Tuesday, April 2, 2013

Flutter


It was another blistering Florida summer, probably sometime in July. I was about ten years old at the time; it was about then when I had started to seclude myself back into the house more often than not, swimming with my neighbor didn’t have the same allure as it had when we were both androgynous children. We used make up new poses to strike mid-air over the glistening water together, the Kangaroo, the Starburst, the Egyptian. He eventually came over less and less, both of us separating ourselves inside the adjacent houses, peering out over our sun basked, empty yard.
            I never understood why my dad felt that summertime was the best time to do yard work, he still worked just as much as any other season but the heat was stifling thereabouts and work had lost what little “allure” it may have had, to me anyway. I always felt that my dad had laid out an expectation of me to be both a son and a daughter to him. People used to seem envious of me being an only child at times, “you get all the presents” they would say, “you don’t have to deal with a little brother/sister” or vice versa. It’s true that Christmas time remained my favorite holiday for a reason, but there is a completely different level of expectation from being the only daughter: you don’t have that older brother to mow the lawn or clean the pool or lay out the splintery mulch in the garden beds (my least favorite chore). No siblings to hide your naughtiness, either I might add. Working in the yard eventually became a way for my dad to get me out of the house while doing what he could to bond with me, in his own way that I never understood then. I gained my omniscient eye from him, I think.
            “Go turn on the sprinkler.” He told me, back bent over the pool as the beads of sweat trickled down off one wrinkled surface onto another. Groaning and rolling my eyes at his demand, I turned and flung the pool gate shut behind me with a clatter. The sun dappled my skin as I bounded across the driveway into the front yard where the sprinkler sat caking in the afternoon sunlight. It was a fairly standard sprinkler, nothing fancy, it was zip-tied to the top of a faded red milk crate so the grass couldn’t get stuffed up in the mechanics. I kicked it several paces across the tall grass, making sure it was in the middle before meandering back to the spigot against the house. The only way to find the faucet was by reaching behind an expansive holly bush, full of prickly, waxy leaves and those weird pastel blue berries. Too many times had I been scratched on the fringes of its grasp, so I squished as close to the house as possible while looking into my bedroom window and seeing the tiny knickknacks on the sill inside.
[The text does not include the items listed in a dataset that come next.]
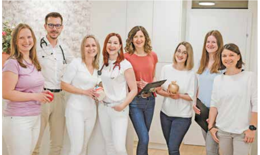
Das Team der Praxisgemeinschaft bietet ein breites Behandlungsangebot für die Patientinnen und Patienten.

aus Nöstl bei Weiz in bewährter Weise verantwortlich, die in enger Zusammenarbeit mit der Fa. Unidach (Dachdecker-Arbeiten) kooperierte. Für den Trockenbau konnte mit der Fa. Pichler Trockenbau GmbH. aus Passail ebenso ein regionaler Profi-Betrieb gewonnen werden, die Heizungs- und Sanitärinstallationen der Ordination Dr. Perl sowie der Zahnarztpraxis samt Behandlungsräumen und von allen neun Wohnungen wurde von der Fa. KAP-Haustechnik aus Graz-Puntigam erledigt. Die Fa. Lieb Bau Weiz war mit ihrem Team für das Gelingen der Baumeisterarbeiten im Hochbau ein Garant. Im Inneren des Gebäudes zeichnete das Team von fliesen & wärmedesign Kletzenbauer aus St. Ruprecht an der Raab für die Böden- und Fliesenarbeiten verantwortlich. Die Tischlerei (und Wohnstudio) Ing. Elisabeth Scharler, ebenfalls aus St. Ruprecht, gestaltete die Tischlerarbeiten.
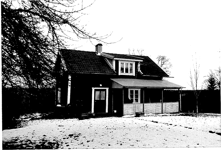
Neg. nr. T 13:06 Torpet Lindeberg från SV

Ödeshögs kommun Trehörna socken Trehörna 1:1 Lindeberg
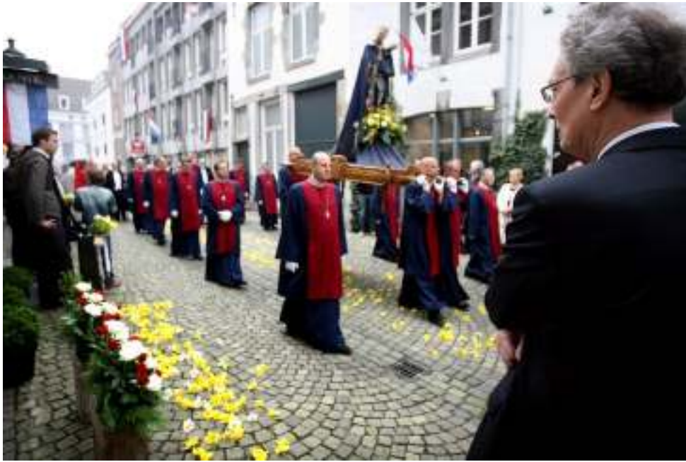
Onze lieve Vrouw Sterre der Zee in de stoet
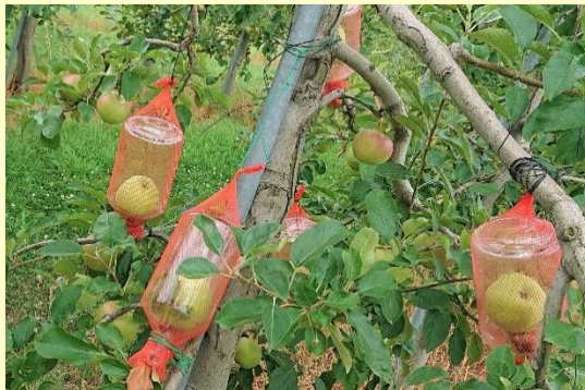
瓶の中でりんごを育てている様子
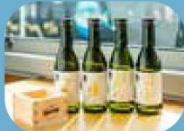
名水及富山米釀成 有名富山地酒(約900-1300日圓)

一大特色是在設有現場調理料理的開放式廚房，嚴選來自富山灣時令食材，即場製作富山灣壽司、海鮮小菜及茶碗蒸，以舌尖細細品嚐富山大自然的肥沃豐饒。甜點則享用富山百年老舖「引網香月堂」上生菓子。登車時，還會提供迎賓飲品—高岡國吉蘋果汁，天然蘋果的甜味充分保留，不加一滴水。
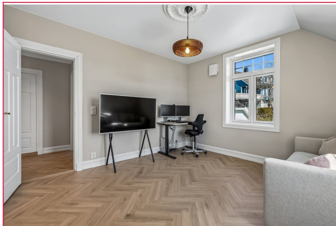
Soverom nummer 2
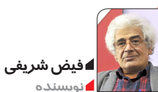
فیض شریفی نویسنده

پیش از بازی‌های جام جهانی قطر، گفتیم که کی‌روش با اتوبوس دفاعی به جایی نمی‌رسد و باید به‌طور واقعی ۴، ۳، ۲، ۱ بازی کند. کی‌روش ظاهرأ در بازی دوم و سوم ۴، ۳، ۲، ۱ بازی کرد اما در واقع این دو بازی اتوبوسی ۵، ۴، ۱ بود و وقتی متوجه شد که باید نتیجه بگیرد فحله کرد و بر اثر اتفاق، با اخراج دروازبان ولز، توانست در دو حرکت این تیم ضعیف را شکست دهد. ایران نه خوب بازی کرد و نه خوب نتیجه گرفت و تاج با تعویض مربی پیشین، هم اسکوچیچ را سوزاند و هم کی‌روش را منفورتر کرد. حالا باید دید تیم ایران در واقع باید خیلی هزینه کند تا یک مربی بزرگ را در تراز بین‌المللی به استخدام درآورد. مربی بزرگ هم باید نیمی از این بازیکنان را حذف کند و تیم ایران را مثل تیم آمریکا جوان کند و بازیکن‌سالاری را کنار بگذارد. جام جهانی قطر نشان داد که عناوین جهانی افتخار نمی‌آورد و تیمی را برنده نمی‌کند؛ باید سیستم مدیریتی و مربی‌گری موجود را عوض کرد، دیگر حفظ توپ در زمین تاج و کی‌روش جواب نمی‌دهد، قبلاً هم این شیوه جواب
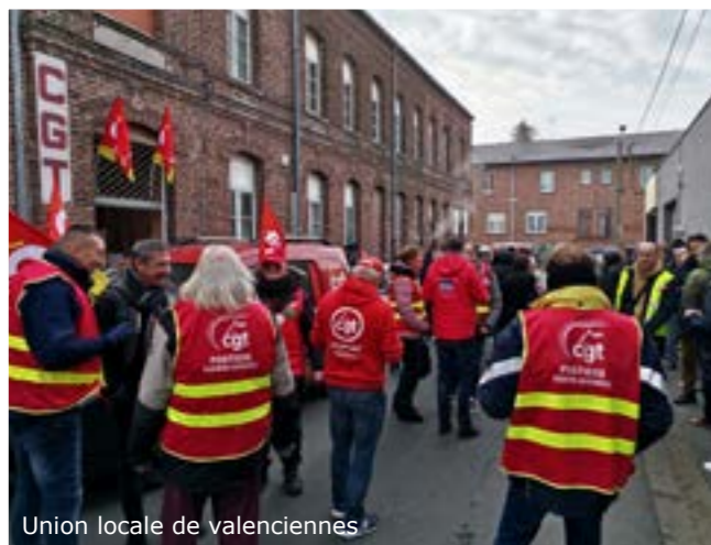
Union locale de valenciennes

Il était de mise que les mairies allouaient les locaux gracieusement aux organisations syndicales et plus particulièrement à la CGT. Parce qu'elles représentaient des organisations d'utilité publique.
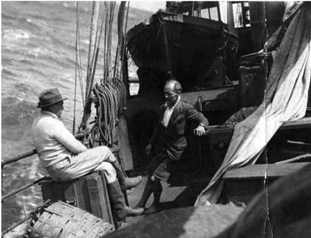
■ Fig. 1. Shackleton y Wild

            When I glanced to my left, I saw her. I clung tight against the wall, and held a tighter breath within my chest as I peered through the dark leaves. In a small nest of twigs and grass, there sat a female cardinal in a small crevice beneath the canopy of short branches. Not two feet from the shaded faucet, the bird rustled aimlessly and picked at its rosy brown feathers with its rosier beak. Presumably she concealed three or four small eggs, speckled brown and about the size of my trembling finger beneath her ruffled down. Whatever it was that I felt in that moment, I couldn’t bring myself to move from that spot with my eyes fixed on this creature. Hesitantly, as softly as I could, I whispered. I felt a little crazy; I had grown out of my ditzy, childish scatterbrain and found this strange sentience with myself in those lost summers in the house.
“It’s okay.” The words creaked from my throat. She twitched in the bush, and so did I when my expectation of haphazard fluttering went unrequited. I spoke again, my eyes transfixed, explaining to her my intentions. Again and again I murmured to the bird, inching my fingers forward glacially with no other sound but my breath hanging in the air. My hand soon fumbled onto the metal spout, and moved it grudgingly beneath my fingers and saw the sprinkler sputter happily to life through the screen of the holly bush. I exited as slowly as I entered, backed around the far corner of the house and let out my caged breath.
Maybe I was fooling myself, surely the bird couldn’t understand the subtle whispers that escaped my lips, but it makes you wonder. She sat still, natural, as I curved around unnoticed. I felt like a piece of glass reflecting the scene around me, merely distorting the quiet afternoon sun. After a moment of watching the water twinkle down over the grass in arcs, the bird gazing out mildly from her recluse, I flitted around to the backyard again to find my dad, listening a little more keenly to the soft rustles in the trees.